━━━ Given records ━━━

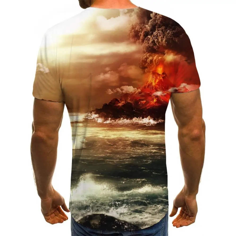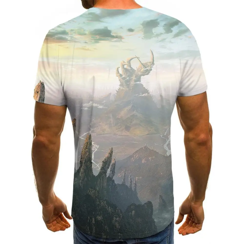 Футболка мужская с 3D-принтом пейзажа, повседневная приталенная тен...
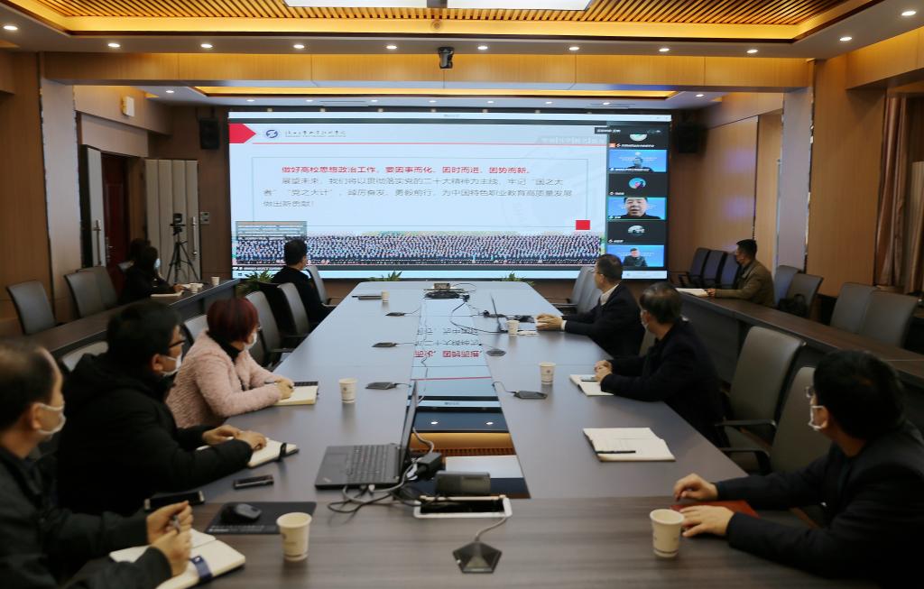 党委书记惠朝阳以“善用培元铸魂大思政 做好立德树人大文章”为题作会议交流发言。惠书记通过构建“大格局”思政,塑优机制增力度;推进“大课堂”建设,筑优课程提效度;完善“大先生”队伍,培优力量拓广度;搭建“大资源”平台,创优文化升温度等四个维度对我校在学习贯彻二十大精神,落实立德树人根本任务,开展思政教育全面育人方面所开展的工作进行了深入交流。全国职教专家董刚教授对汇报内容给予了高度评价,肯定了我校在国家“双高”建设中,开展思想政治教育工作所取得的显著成效,提出了推进思政育人工作的中肯建议。
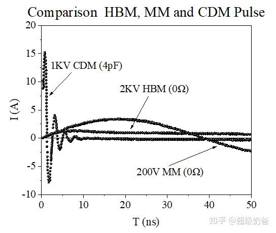 有关2KV HBM,200V MM,与1KV CDM的放电电流比较,显示于图3.3中。其中,该1KV CDM的放电电流在不到1ns的时间内,便已冲到约15A的尖峰值,但其放电的总时段约在10ns的时间内便结束。此种放电现象更易造成集成电路的损伤。
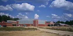 The Ravenna High school building contains 158,000 square feet (14,700 m2) of space and includes the main gym, auxiliary field house gym, auditorium, cafeteria, and around 45 classrooms. The main gym has retractable bleacher seating for 1,125 and the auditorium has seating for 600 with 300 additional retractable seats that can expand into space in the cafeteria. The field house gym includes a rubberized surface which has two full-size basketball courts and an elevated walking track. The building also has two courtyards that separate the three academic sections of the building which are used for natural lighting and can also be used for outdoor teaching space. The building was dedicated August 28, 2010.[9]
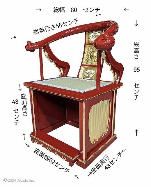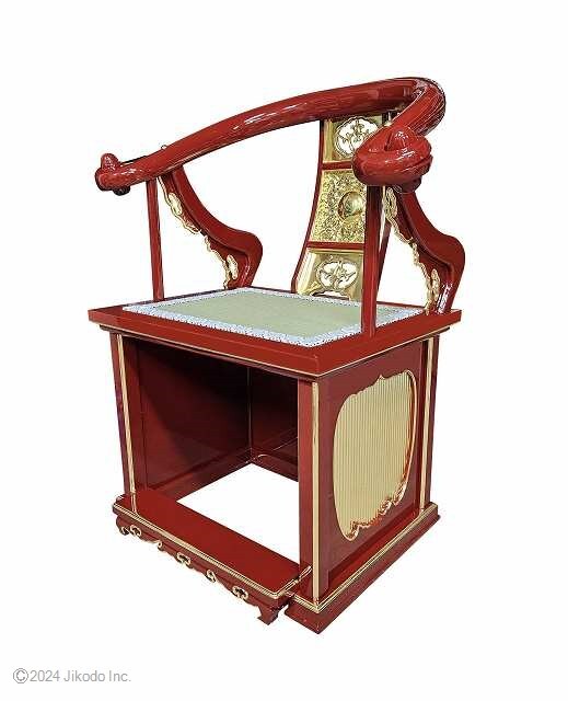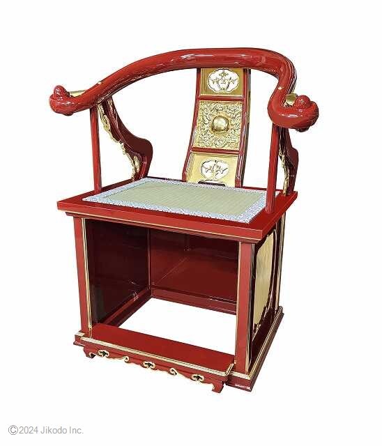 【寺院仏具】朱塗り 背もたれ付きの椅子型曲録 足置き付 国内自社工場にて製作 木製高級寺院仏具通販(受注生産品)(商品番号10251s)_
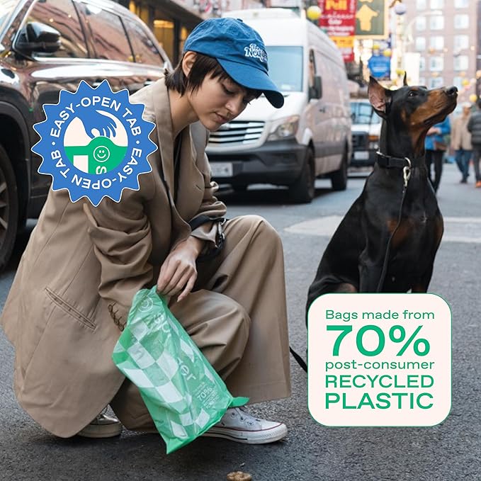 - 70% POST-CONSUMER RECYCLED PLASTIC: These durable and reliable dog waste bags help reduce environmental impact. Feel good about using bags that divert plastic from landfills.
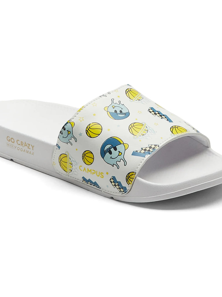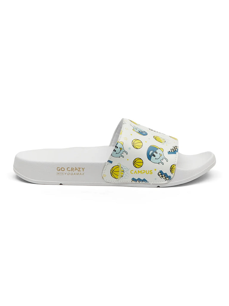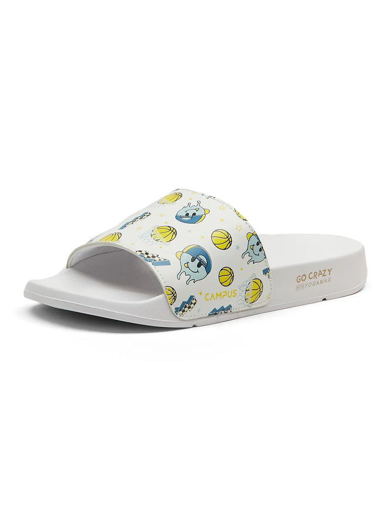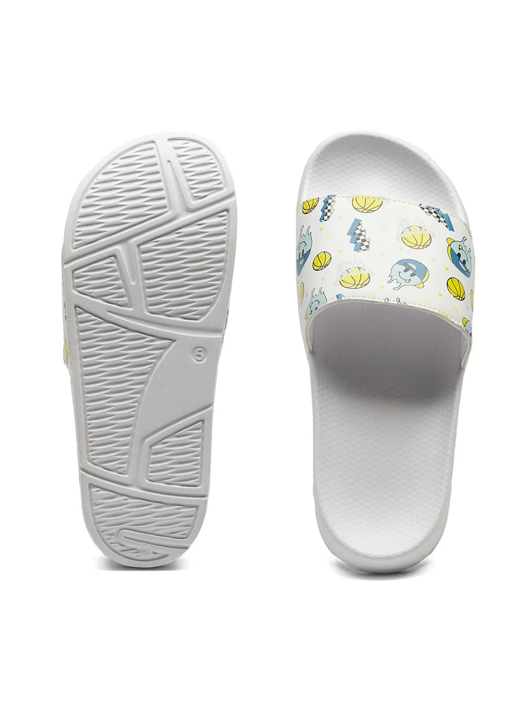 Pop goes the summer! The SL-470C Child's Sliders in White, Lemon yellow & Teal Blue is your dose of sunshine and smiles. The PU printed strap adds visual punch, while the Pillofoam-cushioned EVA sole keeps you easy-breezy from morning chai to moonlight terrace hangs.
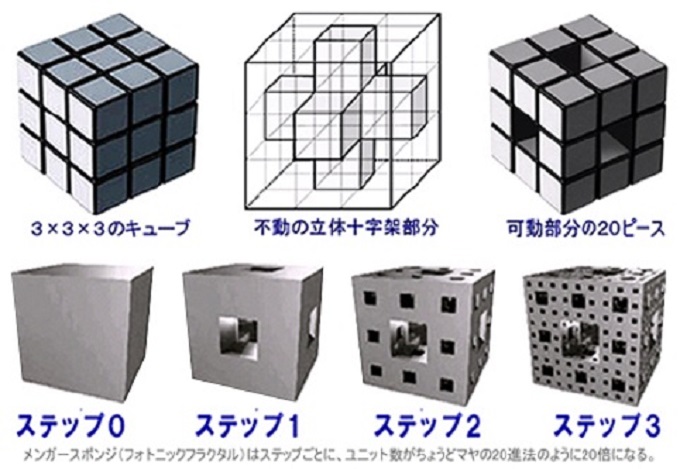 ■3■メンガースポンジは正6面体に一度穴を空ける毎にその体積は7/27ずつ減少するが、逆にマクロ方向に最初の正6面体を単位立方体として同じ形状を積み上げていく操作を考えよう。この3次元的なフラクタル展開の体積比は各フェイズ毎に1:20:400:8000…となって行く。つまり20進法的展開だ。
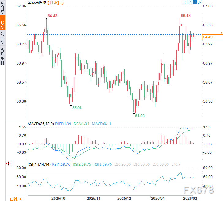 周三亚市时段,受美伊持续地缘政治风险影响, 美原油价格震荡走强,现交投于每桶64.50 美元附近,日内涨幅约0.8%,此前一个交易日油价震荡走低,收跌0.34%。

━━━

Each line above gets copied exactly; leave the pictures out.

 Футболка мужская с 3D-принтом пейзажа, повседневная приталенная тен...
 党委书记惠朝阳以“善用培元铸魂大思政 做好立德树人大文章”为题作会议交流发言。惠书记通过构建“大格局”思政,塑优机制增力度;推进“大课堂”建设,筑优课程提效度;完善“大先生”队伍,培优力量拓广度;搭建“大资源”平台,创优文化升温度等四个维度对我校在学习贯彻二十大精神,落实立德树人根本任务,开展思政教育全面育人方面所开展的工作进行了深入交流。全国职教专家董刚教授对汇报内容给予了高度评价,肯定了我校在国家“双高”建设中,开展思想政治教育工作所取得的显著成效,提出了推进思政育人工作的中肯建议。
 有关2KV HBM,200V MM,与1KV CDM的放电电流比较,显示于图3.3中。其中,该1KV CDM的放电电流在不到1ns的时间内,便已冲到约15A的尖峰值,但其放电的总时段约在10ns的时间内便结束。此种放电现象更易造成集成电路的损伤。
 The Ravenna High school building contains 158,000 square feet (14,700 m2) of space and includes the main gym, auxiliary field house gym, auditorium, cafeteria, and around 45 classrooms. The main gym has retractable bleacher seating for 1,125 and the auditorium has seating for 600 with 300 additional retractable seats that can expand into space in the cafeteria. The field house gym includes a rubberized surface which has two full-size basketball courts and an elevated walking track. The building also has two courtyards that separate the three academic sections of the building which are used for natural lighting and can also be used for outdoor teaching space. The building was dedicated August 28, 2010.[9]
 【寺院仏具】朱塗り 背もたれ付きの椅子型曲録 足置き付 国内自社工場にて製作 木製高級寺院仏具通販(受注生産品)(商品番号10251s)_
 - 70% POST-CONSUMER RECYCLED PLASTIC: These durable and reliable dog waste bags help reduce environmental impact. Feel good about using bags that divert plastic from landfills.
 Pop goes the summer! The SL-470C Child's Sliders in White, Lemon yellow & Teal Blue is your dose of sunshine and smiles. The PU printed strap adds visual punch, while the Pillofoam-cushioned EVA sole keeps you easy-breezy from morning chai to moonlight terrace hangs.
 ■3■メンガースポンジは正6面体に一度穴を空ける毎にその体積は7/27ずつ減少するが、逆にマクロ方向に最初の正6面体を単位立方体として同じ形状を積み上げていく操作を考えよう。この3次元的なフラクタル展開の体積比は各フェイズ毎に1:20:400:8000…となって行く。つまり20進法的展開だ。
 周三亚市时段,受美伊持续地缘政治风险影响, 美原油价格震荡走强,现交投于每桶64.50 美元附近,日内涨幅约0.8%,此前一个交易日油价震荡走低,收跌0.34%。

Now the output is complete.